RECORD EXTRACTS:
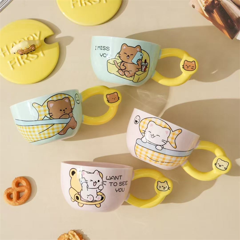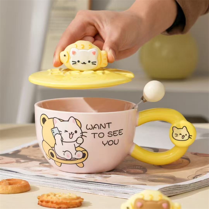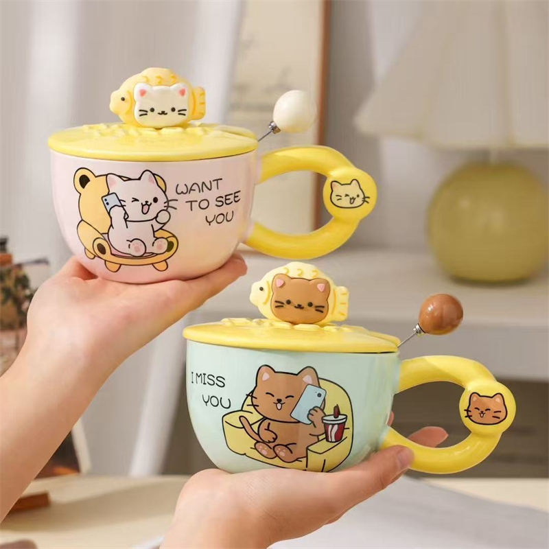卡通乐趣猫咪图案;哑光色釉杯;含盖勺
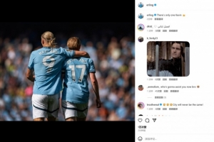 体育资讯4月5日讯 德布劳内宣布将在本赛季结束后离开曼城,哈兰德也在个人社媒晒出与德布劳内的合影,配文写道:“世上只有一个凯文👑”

---

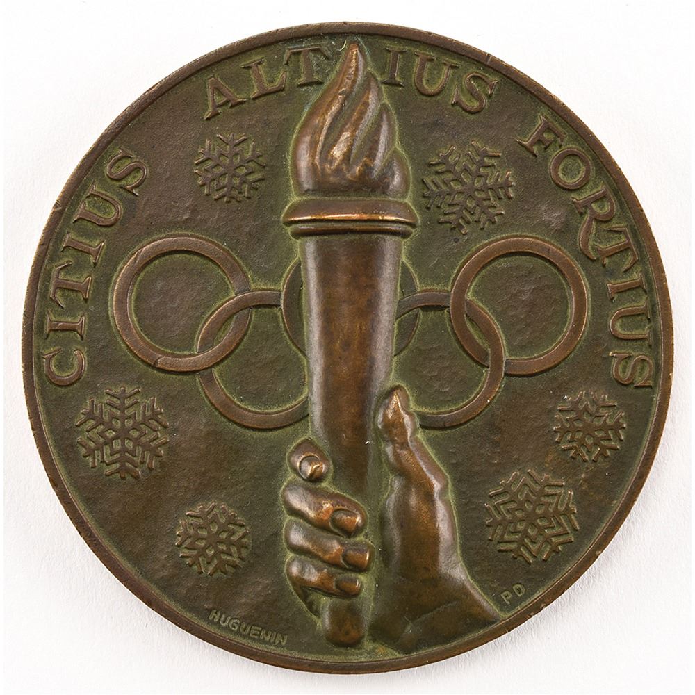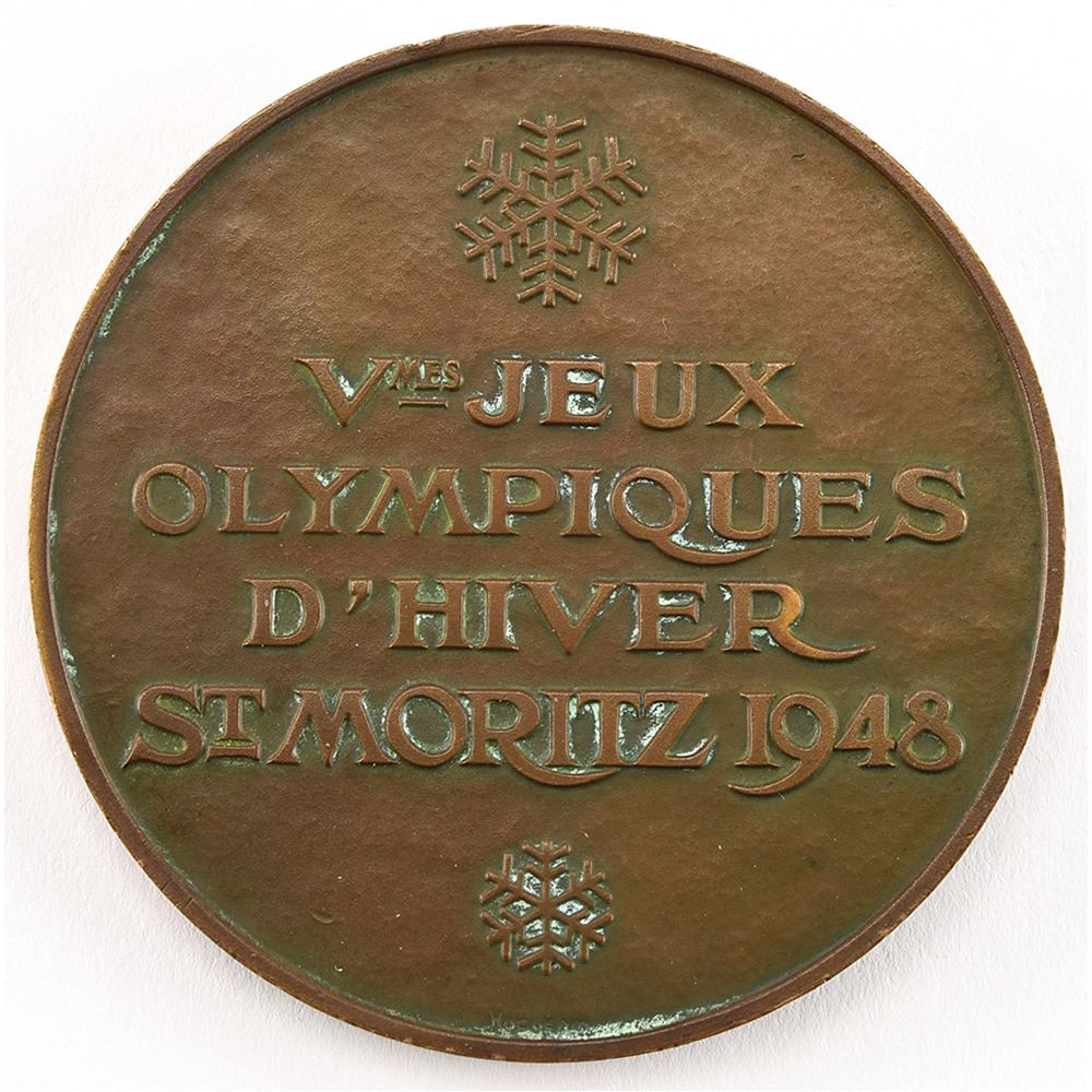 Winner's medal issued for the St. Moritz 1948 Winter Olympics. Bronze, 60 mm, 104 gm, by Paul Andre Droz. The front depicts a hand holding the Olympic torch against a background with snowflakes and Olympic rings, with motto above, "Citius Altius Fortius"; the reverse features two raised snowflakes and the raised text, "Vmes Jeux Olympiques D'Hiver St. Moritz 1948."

WORK INSTRUCTIONS: Give again the stretch of lines above from the one with "卡通乐趣猫咪图案;哑光色釉杯;含盖勺" through the one with "体育资讯4月5日讯 德布劳内", both ends kept, and copy no pictures.

SOLUTION TO THIS PROBLEM:
卡通乐趣猫咪图案;哑光色釉杯;含盖勺
 体育资讯4月5日讯 德布劳内宣布将在本赛季结束后离开曼城,哈兰德也在个人社媒晒出与德布劳内的合影,配文写道:“世上只有一个凯文👑”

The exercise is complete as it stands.